NOLA Distilling uses Louisiana sweet potatoes as the base ingredient for the spirits, and the team has been busy producing NOLA vodka and running test batches of whiskey. Future releases include gin, a pepper vodka, and a coffee liqueur made in collaboration with New Orleans coffee roasters French Truck.
The tasting room is still under construction and not open to the public, although private tours and tastings can be arranged. Andy Kucher, who runs the daily operations at NOLA Distilling, said that they anticipate the tasting room opening in the first half of 2017.
Similarly, Roulaison Distilling’s Andrew Lohfeld is a former homebrewer who fell into craft distilling. He worked at Kings County Distillery in New York before deciding to work with former University of Pennsylvania classmate and Morgan City, LA native Patrick Hernández to open a distillery in New Orleans.
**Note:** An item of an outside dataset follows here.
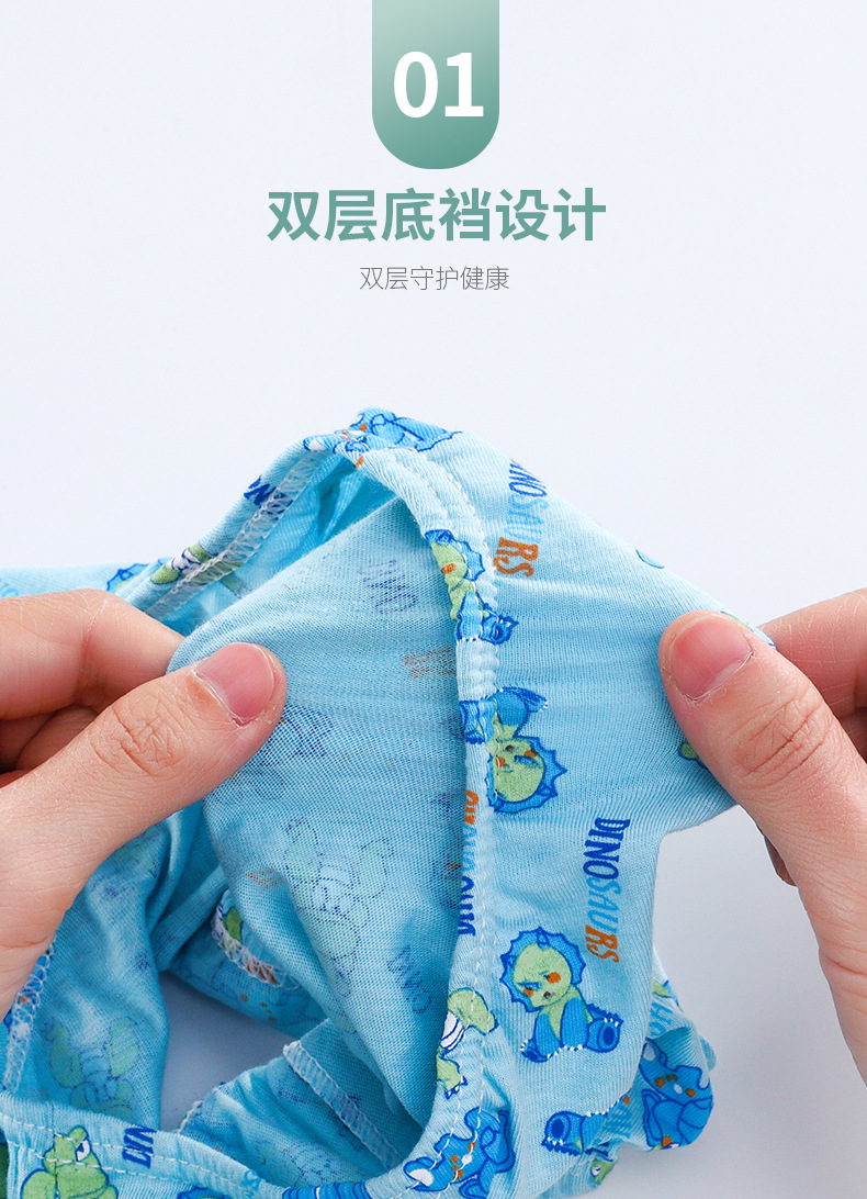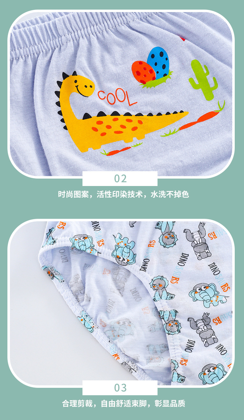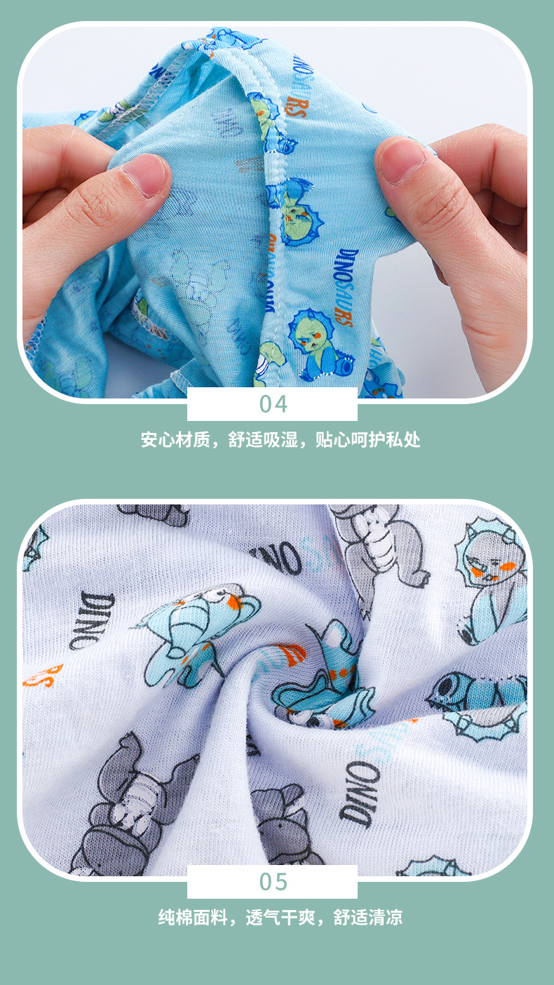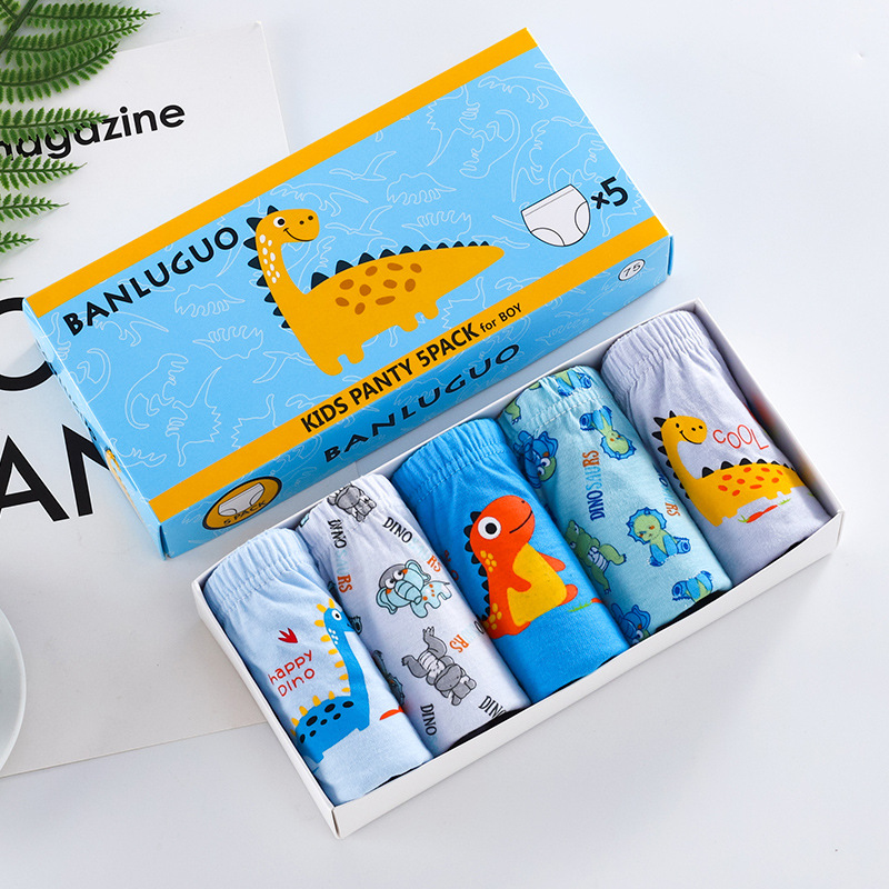 다섯 소년 '면 공룡 프린트 어린이 속옷 만화 박스형 면 팬티 한국 아기 반바지

"Roulaison" is the French-Creole word for the sugar cane harvest, and Roulaison plans on focusing on small batch and experimental rums. Lohfeld noted that there’s a lot of room in the New Orleans market for creative freedom in distilling rum.
“I want to make a rum that doesn’t taste like any other rum,” Lohfeld said, noting that the funky characteristics of Brettanomyces and the ester-heavy yeasts from Belgian styles are flavor aspects he’s looking to cultivate. He also plans to experiment with aging rum in different types of barrels, from whiskey to sherry.
Lohfeld and Hernandez begin the process of rum distilling with molasses from Lafourche Sugar in Thibodaux -- the best in the country, according to Lohfeld. “You can’t get it anywhere else outside of Louisiana.” He then experiments with different yeast types in fermentation including Belgian beer yeasts, wine yeasts, and wild yeasts like Bretts.
The pair are still dialing in the flavor profiles, but are legally clear to release their product once it’s ready, a white rum to start. Further experimentation will occur in the tasting room, which they anticipate will be open in February.